## TASK GOAL
From the first line to the last, copy the listing exactly and omit the images.

## THE DATA
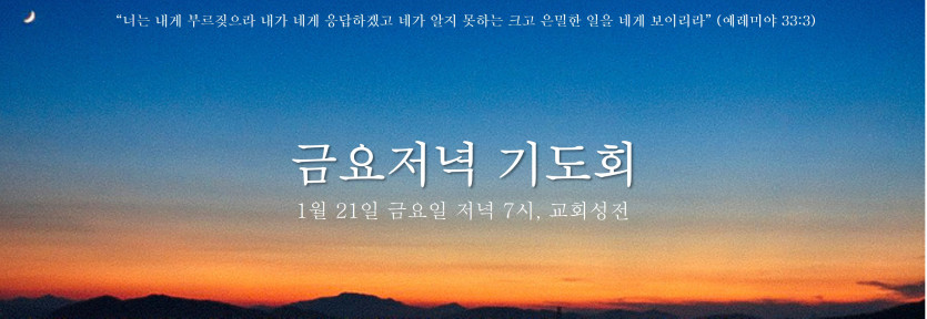 금요저녁 기도회 1월 21일 금요일 저녁 7시, 교회 성전
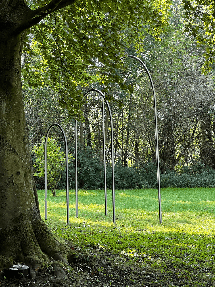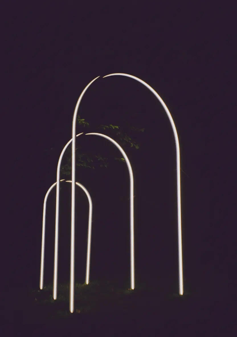 Dit kunstwerk is gemaakt door Jeroen Alexander Meijer, met een liefde voor licht, ruimte en rituelen. Het idee ontstond om iets te maken dat toevoegt aan bijzondere momenten – iets dat licht laat schijnen op de mensen onder de bogen en de omgeving er om heen.
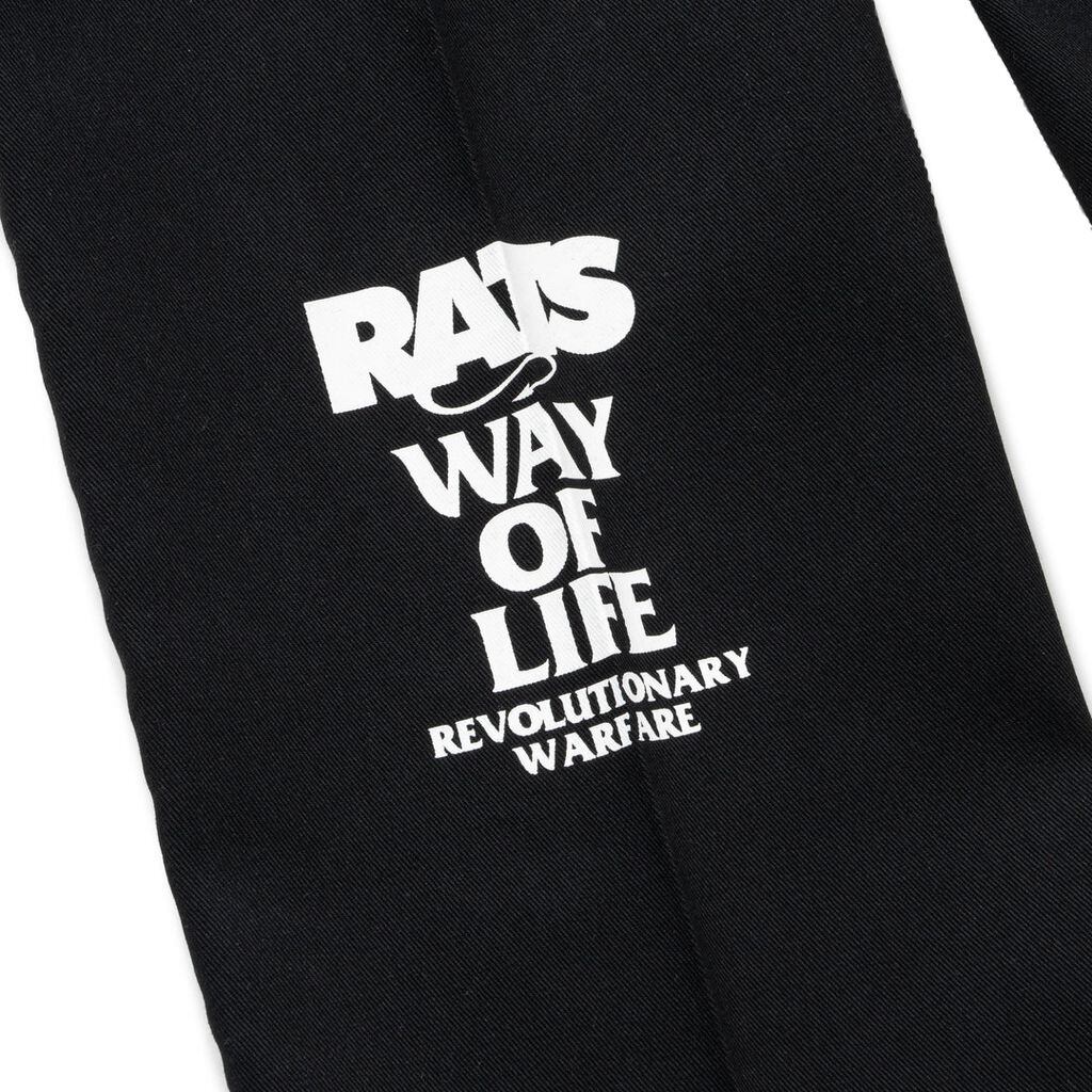 背面ポケット上にレクタングルタグ、腰裏にはラッツ柄グラフィックをリピートでプリント。ゆとりのあるシルエット。

## RESPONSE TO THIS EXERCISE
 금요저녁 기도회 1월 21일 금요일 저녁 7시, 교회 성전
 Dit kunstwerk is gemaakt door Jeroen Alexander Meijer, met een liefde voor licht, ruimte en rituelen. Het idee ontstond om iets te maken dat toevoegt aan bijzondere momenten – iets dat licht laat schijnen op de mensen onder de bogen en de omgeving er om heen.
 背面ポケット上にレクタングルタグ、腰裏にはラッツ柄グラフィックをリピートでプリント。ゆとりのあるシルエット。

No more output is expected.